Dr. Dax Kurbegov (23:12):
Maybe just one, and we’ve talked a fair bit about personalizing therapy. I think more than an ever that ability in our cancer space, in our cancer realm, to identify treatments that are specifically going to work for the individuals that are across the table from us is tremendously exciting. I think we all recognize that journey to ever more personalized treatment is really a critical path to achieving the best possible outcomes and that we all have to be in it together, right? Academic centers, community health systems, patient advocates, federal government, industry providers, and that’s the model that we embrace here. So thrilled to join you today, thrilled to share with you some of the work that we do and reflect on some of the opportunities in front of us.
Chip Kahn (24:03):
Dax, so appreciate your service.
Speaker 1 (24:09):
Thanks for listening to Hospitals In Focus, from the Federation of American Hospitals. Learn more at fah.org. Follow the Federation on social media at FAH Hospitals and follow Chip @ChipKahn. Please rate, review and subscribe to Hospitals in Focus. Join us next time for more in-depth conversations with healthcare leaders.
Dax Kurbegov, MD
Vice President & Physician-in-Chief of Clinical Programs
Dr. Kurbegov is the vice president and physician-in-chief of clinical programs at Sarah Cannon. Dr. Kurbegov oversees Sarah Cannon’s clinical program development, ensuring consistency and quality and fostering collaboration across our global network of cancer programs. He works with clinical operations teams and tumor specific workgroups across the network for strategic development, implementation and evaluation of clinical programs and services for patients facing cancer in Sarah Cannon communities.

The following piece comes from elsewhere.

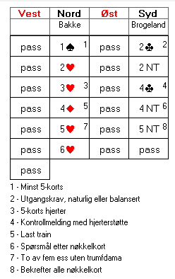 Jeg satt nord i dette spillet. Vest åpnet 1 hjerter, øst svarer 1 NT, vest reverserer (viser sterke kort) med 2 spar og øst melder nå 3 kløver. Vest setter så strek med 3 NT, der øst dermed blir spillefører.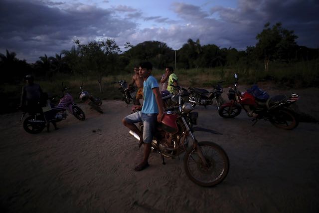 Hombres indígenas Tenetehara se reúnen con sus motocicletas al anochecer en el Territorio Indígena Alto Río Guama, cerca de Paragominas, estado de Para, región norte de Brasil, el lunes 7 de septiembre de 2020 (Foto AP / Eraldo Peres)

Dr. Kurbegov has led the development of both clinical and research programs across tumor sites for national oncology programs, focusing on strategic initiatives to improve patient outcomes. He joined Sarah Cannon from Catholic Health Initiatives in Colorado where he served as physician vice president of the national oncology service line for 50 cancer centers across the U.S.
Dr. Kurbegov received his bachelor of science from Stanford University and his medical degree from Baylor College of Medicine. He completed his internship and residency in internal medicine at University of Colorado Health Sciences Center and his medical oncology fellowship from The University of Texas MD Anderson Cancer Center. He has served as a physician advisor for the American Society of Clinical Oncology (ASCO®) and chair of the ASCO Research Community Forum Steering Group for the 2017-2018 term. He has been recognized as a “Top Doc” by U.S. News & World Report, amongst many other recognitions.